*** Opening Data for the task ***

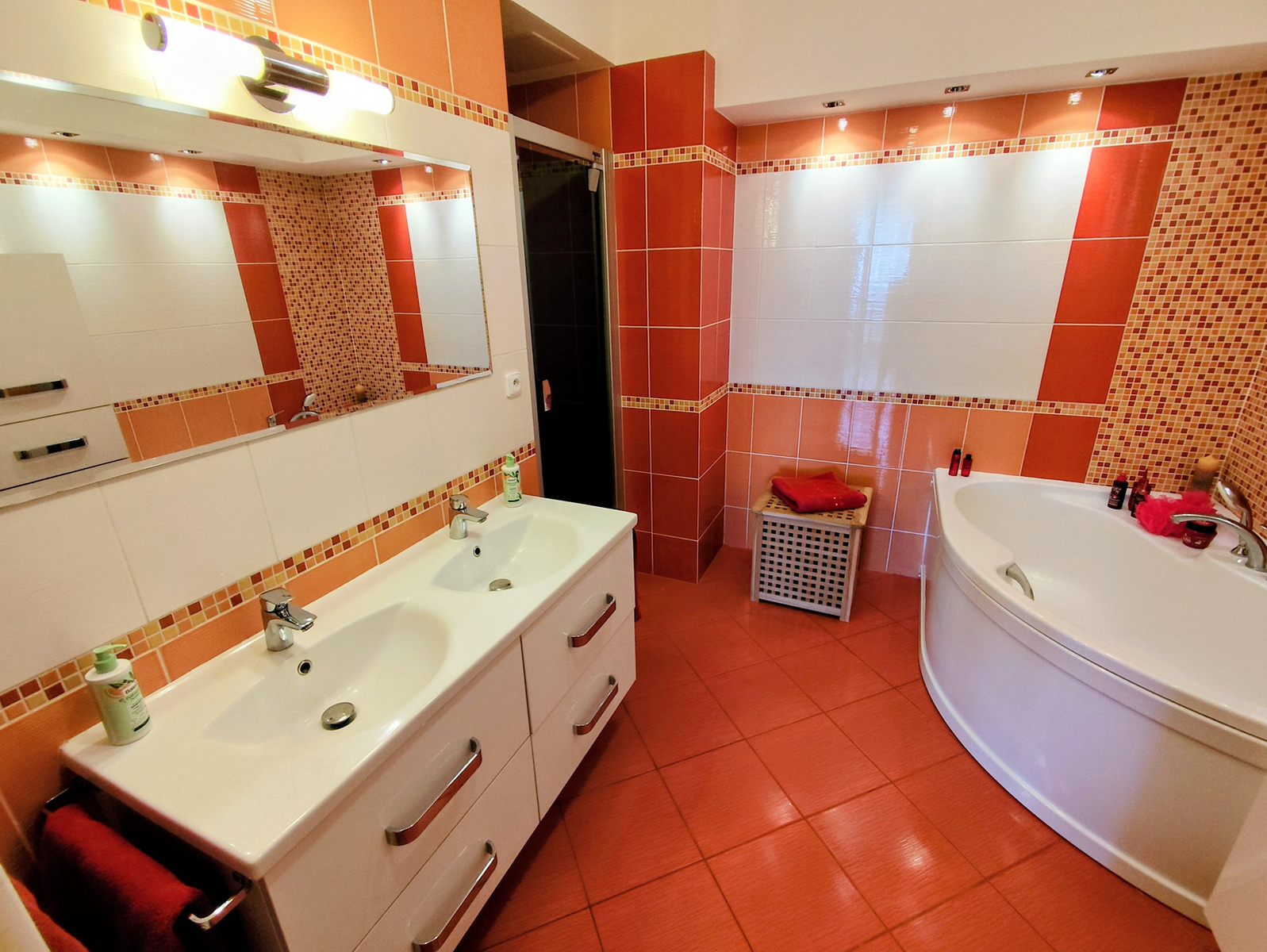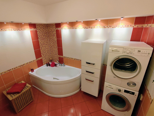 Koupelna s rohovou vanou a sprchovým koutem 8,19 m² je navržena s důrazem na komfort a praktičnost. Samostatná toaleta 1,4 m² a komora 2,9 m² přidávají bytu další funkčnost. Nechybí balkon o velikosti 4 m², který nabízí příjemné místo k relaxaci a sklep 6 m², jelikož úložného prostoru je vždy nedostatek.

*** Closing Data for the task ***
*** Opening Data for the task ***

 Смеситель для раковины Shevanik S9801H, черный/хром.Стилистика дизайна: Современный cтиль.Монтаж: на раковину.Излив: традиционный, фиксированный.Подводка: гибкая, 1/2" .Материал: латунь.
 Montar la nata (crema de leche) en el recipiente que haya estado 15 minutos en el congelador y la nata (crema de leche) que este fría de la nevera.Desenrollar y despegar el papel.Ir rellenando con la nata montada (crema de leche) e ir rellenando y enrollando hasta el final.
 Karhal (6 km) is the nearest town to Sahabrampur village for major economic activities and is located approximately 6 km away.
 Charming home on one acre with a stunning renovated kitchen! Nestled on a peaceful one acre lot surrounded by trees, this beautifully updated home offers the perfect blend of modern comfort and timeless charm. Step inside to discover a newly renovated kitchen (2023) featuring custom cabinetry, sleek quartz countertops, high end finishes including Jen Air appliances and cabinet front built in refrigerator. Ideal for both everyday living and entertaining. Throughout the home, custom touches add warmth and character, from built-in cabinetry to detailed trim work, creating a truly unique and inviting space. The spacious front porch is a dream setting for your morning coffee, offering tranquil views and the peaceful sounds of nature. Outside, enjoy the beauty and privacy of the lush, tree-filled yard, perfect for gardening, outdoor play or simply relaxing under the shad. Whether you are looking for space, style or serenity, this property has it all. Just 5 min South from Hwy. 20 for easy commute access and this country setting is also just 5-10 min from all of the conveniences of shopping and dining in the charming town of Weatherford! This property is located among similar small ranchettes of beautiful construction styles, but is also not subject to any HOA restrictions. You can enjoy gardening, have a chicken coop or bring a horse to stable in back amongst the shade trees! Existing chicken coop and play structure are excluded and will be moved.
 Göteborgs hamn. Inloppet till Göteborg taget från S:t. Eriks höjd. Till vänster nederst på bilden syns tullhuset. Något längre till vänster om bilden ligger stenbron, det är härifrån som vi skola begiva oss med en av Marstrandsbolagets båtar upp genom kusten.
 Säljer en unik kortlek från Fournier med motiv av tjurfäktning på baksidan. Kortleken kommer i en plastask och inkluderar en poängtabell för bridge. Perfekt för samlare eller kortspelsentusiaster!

*** Closing Data for the task ***
*** Opening Data for the task ***

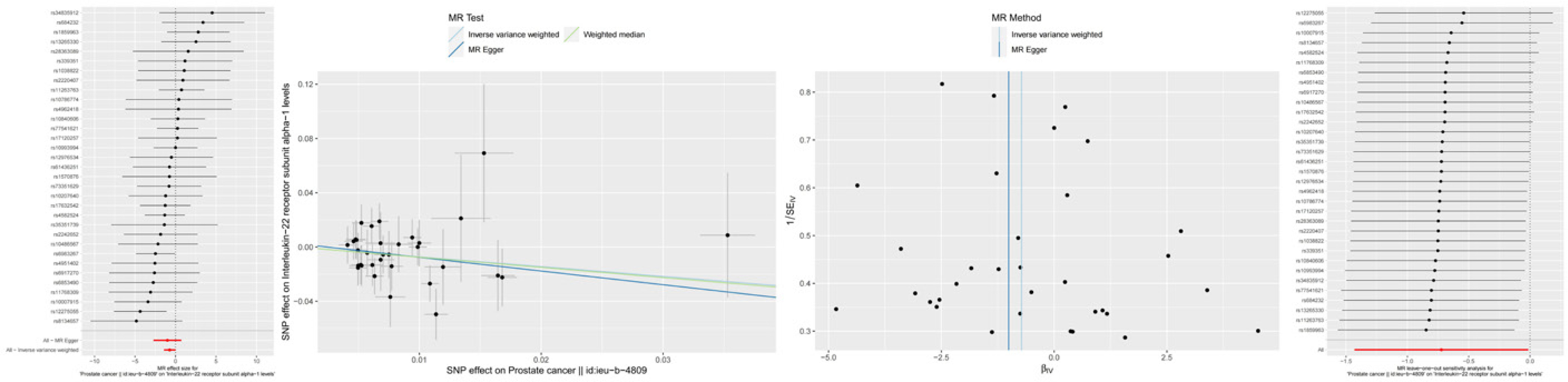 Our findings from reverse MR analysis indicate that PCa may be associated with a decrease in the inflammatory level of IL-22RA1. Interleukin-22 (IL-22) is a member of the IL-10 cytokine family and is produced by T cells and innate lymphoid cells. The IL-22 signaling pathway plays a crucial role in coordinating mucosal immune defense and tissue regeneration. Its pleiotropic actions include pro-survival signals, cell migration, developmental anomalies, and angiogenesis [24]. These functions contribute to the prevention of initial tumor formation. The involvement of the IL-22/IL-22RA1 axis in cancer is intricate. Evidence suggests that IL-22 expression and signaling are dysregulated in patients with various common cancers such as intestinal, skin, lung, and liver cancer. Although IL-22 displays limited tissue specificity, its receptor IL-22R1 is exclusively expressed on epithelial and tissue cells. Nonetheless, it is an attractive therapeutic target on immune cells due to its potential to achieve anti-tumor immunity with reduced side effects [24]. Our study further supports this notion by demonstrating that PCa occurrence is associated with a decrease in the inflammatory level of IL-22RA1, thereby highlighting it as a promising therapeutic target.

*** Closing Data for the task ***

Go through the entries. Report every line that contains the word "town".

 Karhal (6 km) is the nearest town to Sahabrampur village for major economic activities and is located approximately 6 km away.
 Charming home on one acre with a stunning renovated kitchen! Nestled on a peaceful one acre lot surrounded by trees, this beautifully updated home offers the perfect blend of modern comfort and timeless charm. Step inside to discover a newly renovated kitchen (2023) featuring custom cabinetry, sleek quartz countertops, high end finishes including Jen Air appliances and cabinet front built in refrigerator. Ideal for both everyday living and entertaining. Throughout the home, custom touches add warmth and character, from built-in cabinetry to detailed trim work, creating a truly unique and inviting space. The spacious front porch is a dream setting for your morning coffee, offering tranquil views and the peaceful sounds of nature. Outside, enjoy the beauty and privacy of the lush, tree-filled yard, perfect for gardening, outdoor play or simply relaxing under the shad. Whether you are looking for space, style or serenity, this property has it all. Just 5 min South from Hwy. 20 for easy commute access and this country setting is also just 5-10 min from all of the conveniences of shopping and dining in the charming town of Weatherford! This property is located among similar small ranchettes of beautiful construction styles, but is also not subject to any HOA restrictions. You can enjoy gardening, have a chicken coop or bring a horse to stable in back amongst the shade trees! Existing chicken coop and play structure are excluded and will be moved.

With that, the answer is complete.